§ **WHAT TO WORK ON**: Using the listing below, print the line containing "王文萍副区长介绍了威海市环翠", the line containing "- Genuine 14k", and each line between them, exactly and nothing else. Pictures stay out of the print.

§ **DATA FOR THIS EXERCISE**:
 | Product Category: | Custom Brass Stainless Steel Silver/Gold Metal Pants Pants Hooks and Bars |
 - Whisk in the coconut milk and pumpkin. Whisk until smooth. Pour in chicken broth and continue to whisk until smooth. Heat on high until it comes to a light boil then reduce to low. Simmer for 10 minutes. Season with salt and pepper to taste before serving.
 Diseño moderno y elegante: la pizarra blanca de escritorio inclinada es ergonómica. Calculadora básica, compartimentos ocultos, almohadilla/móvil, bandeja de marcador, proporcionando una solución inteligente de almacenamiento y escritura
==
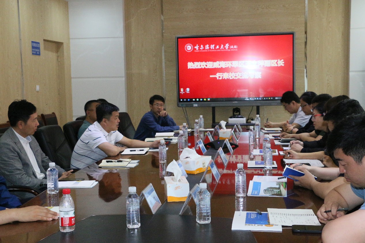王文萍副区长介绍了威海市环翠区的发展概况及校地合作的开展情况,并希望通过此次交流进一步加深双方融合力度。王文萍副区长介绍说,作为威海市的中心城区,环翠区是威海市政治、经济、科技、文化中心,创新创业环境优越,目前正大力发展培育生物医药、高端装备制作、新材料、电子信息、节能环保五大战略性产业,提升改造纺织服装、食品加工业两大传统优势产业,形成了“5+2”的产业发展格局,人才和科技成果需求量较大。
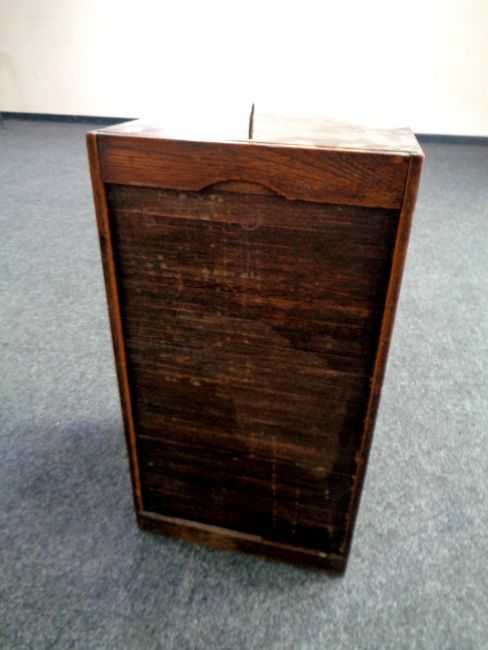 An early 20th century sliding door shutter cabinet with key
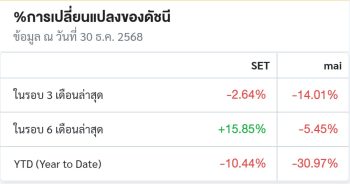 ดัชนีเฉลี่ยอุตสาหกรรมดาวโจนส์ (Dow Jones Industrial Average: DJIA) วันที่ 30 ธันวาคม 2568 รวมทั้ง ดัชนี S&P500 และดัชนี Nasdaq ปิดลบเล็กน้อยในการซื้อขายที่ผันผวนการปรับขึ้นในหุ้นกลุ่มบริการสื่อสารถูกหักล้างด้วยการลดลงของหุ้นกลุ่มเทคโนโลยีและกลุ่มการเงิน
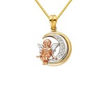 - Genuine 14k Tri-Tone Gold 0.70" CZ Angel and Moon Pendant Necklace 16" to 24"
...
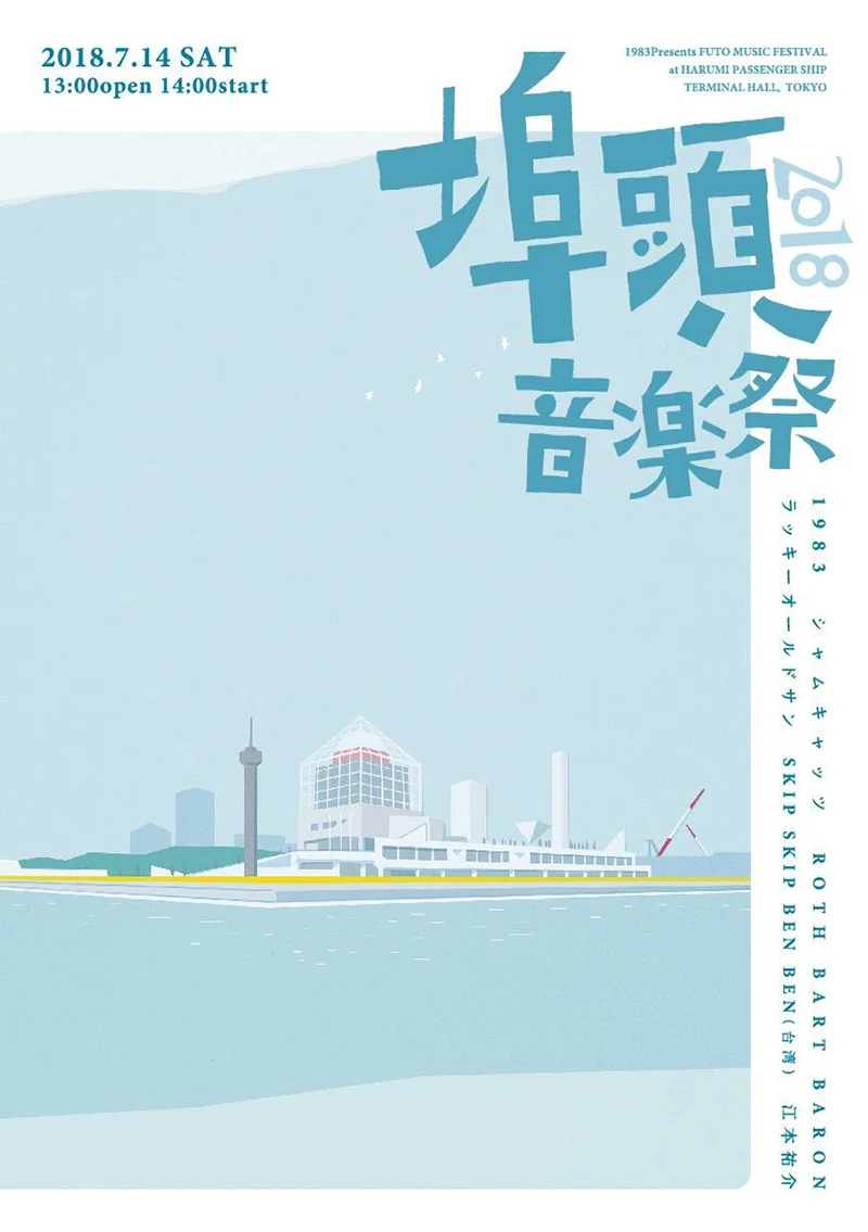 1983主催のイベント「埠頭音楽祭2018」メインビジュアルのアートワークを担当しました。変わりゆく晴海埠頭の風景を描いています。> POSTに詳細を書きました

§ **ANSWER TO THE PROBLEM**:
王文萍副区长介绍了威海市环翠区的发展概况及校地合作的开展情况,并希望通过此次交流进一步加深双方融合力度。王文萍副区长介绍说,作为威海市的中心城区,环翠区是威海市政治、经济、科技、文化中心,创新创业环境优越,目前正大力发展培育生物医药、高端装备制作、新材料、电子信息、节能环保五大战略性产业,提升改造纺织服装、食品加工业两大传统优势产业,形成了“5+2”的产业发展格局,人才和科技成果需求量较大。
 An early 20th century sliding door shutter cabinet with key
 ดัชนีเฉลี่ยอุตสาหกรรมดาวโจนส์ (Dow Jones Industrial Average: DJIA) วันที่ 30 ธันวาคม 2568 รวมทั้ง ดัชนี S&P500 และดัชนี Nasdaq ปิดลบเล็กน้อยในการซื้อขายที่ผันผวนการปรับขึ้นในหุ้นกลุ่มบริการสื่อสารถูกหักล้างด้วยการลดลงของหุ้นกลุ่มเทคโนโลยีและกลุ่มการเงิน
 - Genuine 14k Tri-Tone Gold 0.70" CZ Angel and Moon Pendant Necklace 16" to 24"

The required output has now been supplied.